For most people, a message like this would instantly conjure up images of warm beaches, white sand, sunshine, and tropical drinks.
And then there is me.
The Hawaii I want to see lies high above Honolulu, in the crater of a volcano where a 30-foot woman carved in stone stands sentinel.
The crater, nicknamed Punchbowl for its shape, is the National Cemetery of the Pacific. Ancients called the site “Puowaina,” the “hill of sacrifice”—no name could be more fitting. Close to 77,000 service personnel from WWII, Korea, and Vietnam are memorialized there.

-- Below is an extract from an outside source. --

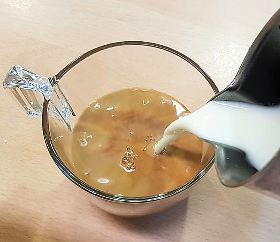 • Riempire la tazza per circa 2/3 con latte intero freddo (più cremoso e buono di quello totalmente scremato)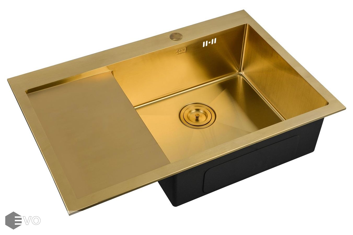 Сама мойка производится из высококачественной нержавеющей стали с последующей специальной PVD-обработкой в цвет бронза. Покрытие наносится в специальной вакуумной камере и проникает в поверхность изделия на молекулярном уровне. Молекулы наносимого металла соединяются с нержавеющей сталью и получается красивая благородного цвета кухонная мойка. Такая поверхность прочна и долговечна, не стирается по прошествии времени.

The 30-foot statue is Lady Columbia. She symbolizes all grieving mothers and watches over the Court of the Missing with the following dedication:
In these gardens are recorded
the names of Americans
who gave their lives
in the service of their country
and whose earthly resting place
is known only to God.
Traditionally, a flag-draped coffin is the evocative symbol of a fallen hero, but for the families of the 28,778 lost or buried at sea and honored in the Court of the Missing, there is no such closure. My uncle, Ensign Robert Berenson, USNR, is one of them. (“Too Soon,” Ancestry Magazine, September/October 2006). His name is 10 feet up one of Punchbowl’s marble walls. I call it providence when a landscape worker happens by, offering us a ladder so we can touch Uncle Bob’s name.
The view from Punchbowl encompasses Diamond Head to Pearl Harbor. But what is most striking about Punchbowl is that it is a place of extraordinary perfection, solemn and serene at the same time.
The reverence that hangs in the air at Punchbowl touches my teenage son. He is Uncle Bob’s namesake. “Mom,” he says, “thank you for bringing me here. I see now that I am supposed to be here.” He points out a banyan tree and how like our own family tree it is. Most of the branches reach skyward, begetting other branches that beget yet others. But one branch ends abruptly, cut short. We look to the inscription at Lady Columbia’s feet:
The solemn pride that must be yours, to have laid so costly a sacrifice upon the altar of freedom.